Mark Lappe, Inhibrx’s CEO, emphasized the potential of the combination therapy, stating that not only were there more responders, but the responses were also notably robust. Among the responders, a majority exhibited over 50% tumor shrinkage, with three patients achieving complete responses, while no complete responses were recorded in the Keytruda-only cohort. This compelling data prompted Inhibrx to pursue further research and development.

Future Plans and Expansion

Looking ahead, Inhibrx plans to begin the phase 3 segment of the HexAgon study in the third quarter of this year. Additionally, the company is set to explore other indications, with a focus on non-small cell lung cancer (NSCLC) in perioperative settings, and intends to initiate trials for frontline metastatic NSCLC next year. Inhibrx is also considering combinations of INBRX-106 with other treatments, including vaccines and CAR-T therapies.

The company’s strategy is rooted in the belief that OX40 agonists could be most effective in earlier-stage cancer patients whose immune systems are more active. Despite previous challenges faced by several major pharmaceutical companies, such as AstraZeneca and Bristol Myers Squibb, Inhibrx attributes the failures of earlier OX40 agonists to their bivalent designs, positioning their hexavalent variant as a solution.

Market Interest and Acquisitions

Recent developments indicate that Inhibrx’s success with INBRX-106 may attract acquisition interest from bigger players, including Merck.

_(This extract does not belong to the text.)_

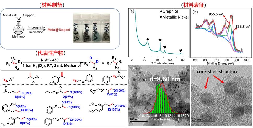 图1.首次多相纳米催化用于室温/常压下生物质基化学品C=C的选择性还原和氢同位素标记。

Reports suggest that Merck, along with other companies, may view Inhibrx’s pipeline as an advantageous addition to mitigate potential revenue declines from its existing products. Analysts have estimated that Inhibrx’s pipeline could hold a valuation of up to $9 billion, pointing to a lucrative investment opportunity depending on forthcoming clinical trial data.

BMO Capital Markets analysts highlighted that acquiring Inhibrx could serve as a strategic move for Merck to fortify its position against the rising threat of biosimilars that could affect the sales of Keytruda. Should INBRX-106 gain favor among physicians as a combination therapy, it could effectively help Merck maintain its leadership in the oncology market.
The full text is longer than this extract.